RLS accepts patient index data from the distributed sources with patient identifiers qualified with the assigningOrganization id. If these assigningOrganizations are not stored in the RLS Gateway, then the patient record in the CMPI is provided an additional prefix: the gatewayDevice.idRoot. The sequence of actions to build up the patient index in the CMPI is shown in Figure 26.
Figure 26: Patient Identifier Composition in CMPI
The patient record location provided by RLS in response to patient index lookup requests will contain the composite patient index made up of: personIDRoot, personIDExtension and the gatewayDevice.telecomURI. The recipient of this patient record location sends a query to the gatewayDevice.telecomURI with the composite patientID information. Since the remote Gateway maintains the assigningOrganization IDs it is able to resolve the composite patient identifier and retrieve the requested medical data.
As the above discussion shows, the division of labor between the Gateways at the clinical data source and the RLS requires that the appropriate cross-reference tables be maintained accordingly. At the RLS the various remote Gateways are assigned OIDs and maintained in the gatewayDevice table. The Gateway at the clinical data source, in turn, assigns OIDs to each clinical data source and maintains the cross-reference in the assigningOrg table. The use of OIDs is not mandatory; any local identifier system may be used as long as the patient identifier composition process described above is followed.
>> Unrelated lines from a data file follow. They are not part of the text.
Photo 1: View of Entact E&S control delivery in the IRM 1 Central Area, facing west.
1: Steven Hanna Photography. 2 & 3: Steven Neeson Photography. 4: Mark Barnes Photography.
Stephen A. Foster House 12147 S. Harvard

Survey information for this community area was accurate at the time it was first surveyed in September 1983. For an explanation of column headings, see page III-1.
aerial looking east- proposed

8.3.1 Data Quality Management
A general principle is that the CMPI database be a read-only version of patient records as they exist on source systems. The CMPI is intended purely for record matching and is not to be considered a patient registry. Data quality issues are expected to be resolved on the source systems, and cleansed data would replicate to the CMPI. The CMPI is therefore different from an Enterprise MPI in that no central data management organization is envisaged for an RLS. Data cleansing and quality services are not thought to be viable in a community of disparate, autonomous enterprises contributing data into the CMPI.
8.3.2 Data Cache
Message caching (logging) is likely to be required (over and beyond the persistence service offered by the MQ engine)
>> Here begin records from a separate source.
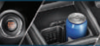
SMART KEYLESS & ENGINE PUSH START STOP BUTTON***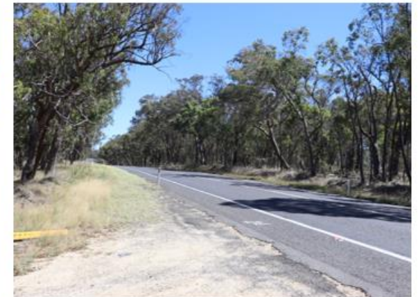
Southwest New England Highway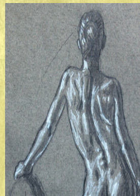
Drawing by Bill Roth

Gain greater confidence in your ability to compose and render the human form. This class provides an in-depth study of how to draw the human figure using live models. You will focus on basic proportions and proper construction of the human form as well as light and shadow, contour, line, and composition. In-class drawing exercises will be enhanced by demonstrations of how to simplify and assemble the more complex areas of the body. * Class fee includes $75 model fee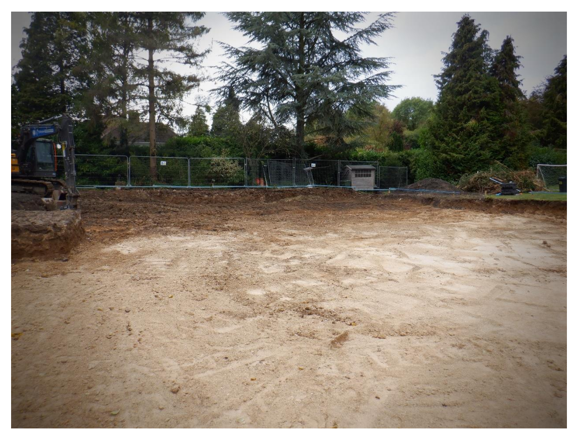
Plate 7. Completed ground reduction (looking East)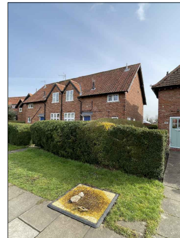
REAR ELEVATION 68 CHESTNUT GROVE ELEVATION 16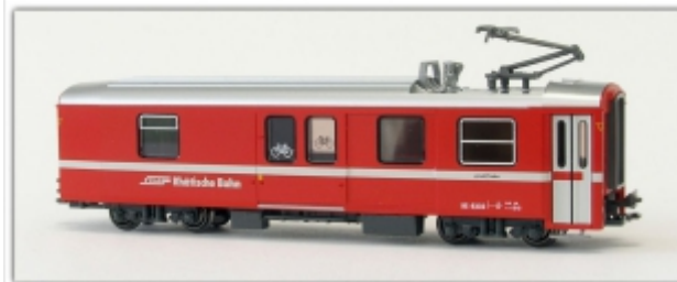
KT-013.1N: RhB - vierachsiger Gepäckwagen mit großem Tor, DS 4223, Kato-Modell für Spur N

Luggage car with large central door on each side of the wagon modern version with pantograph (heating car) Kato model for N gauge (9mm), scale 1:150 equipped with close coupling, standard coupling enclosed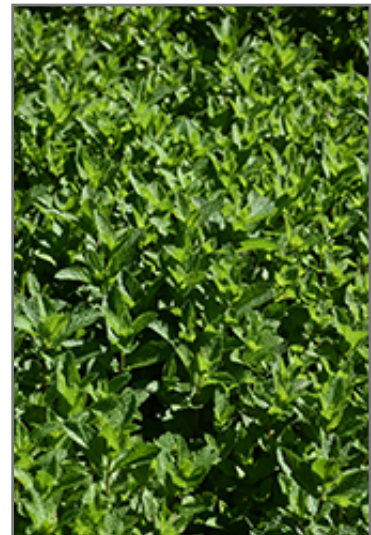
Spearmint foliage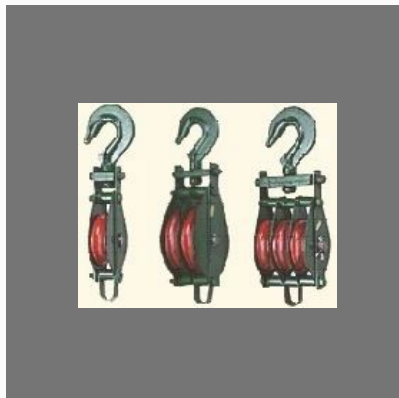
Manila Rope Pulley Block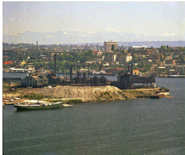
Gas Works Park before it was a park, May 1971. Item 77122, Seattle Municipal Archives

http://www.flickr.com/photos/seattlemunicipalarchives/4840938901/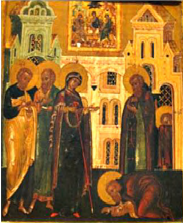
Figure 55. The Apparition of the Virgin to Sergius of Radonezh, late-16th century, tempera on wood, 30 x 25 cm, Trinity Lavra of St Sergius, Novgorod (Russia), currently at Murray Warner Collection of Oriental Art, University of Oregon (USA), inv. no. MWRU 34/15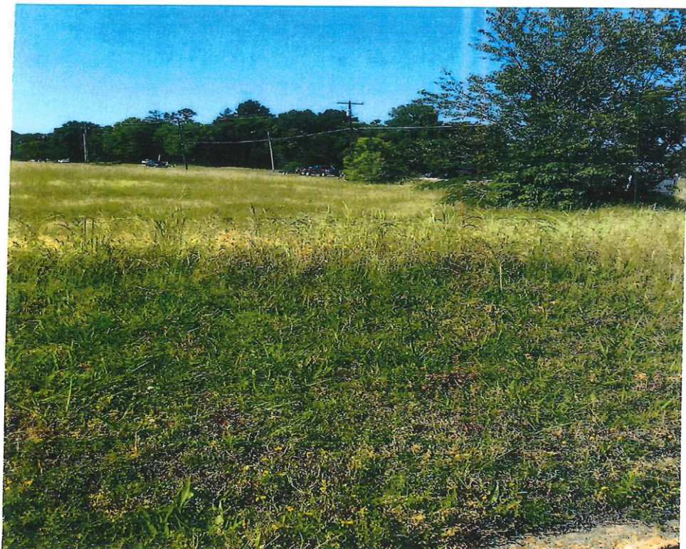
updated photo - June 3, 2016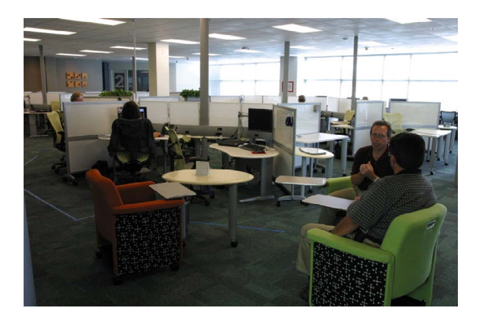
Figure 1. Movable Furniture Makes Collaboration Easier

• Encouraging collaboration. The floor plan would provide spaces for both planned and spontaneous meetings (see Figure 1) and for small and large groups. Technologies that encourage collaboration over distance include Cisco VT Advantage for video telephony, Cisco Meeting Place for audio- and videoconferencing, interactive white boards, instant messaging, e-mail, and voice mail. Other technologies that encourage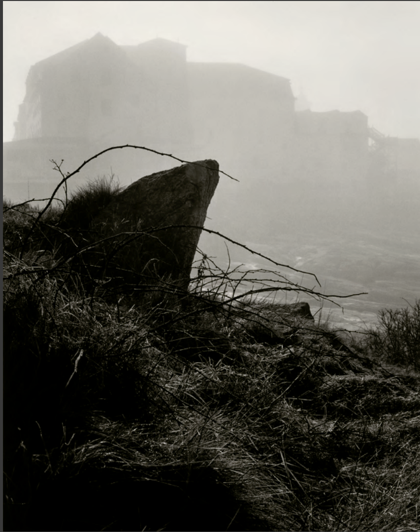
Geologic Time , 2023 Silver gelatin print 12.5 x 10" AS125

The data services layer in the CDX Gateway could serve as a cache for patient EHR data. Alternate architectures use clinical data repositories at the edge to serve the data requests received via information exchanges, so that core clinical data sources are not hit by these queries that could potentially impact the core clinical system performance. This aspect is discussed in more detail in Section 6.3. Some nodes may not want to push their EHR directly to the CMPI, instead may choose to expose their EMPI, or replicate their MPIs to the CMPI. Replicated MPI should have a ‘time-to-live’ based expiry, after which it must be refreshed.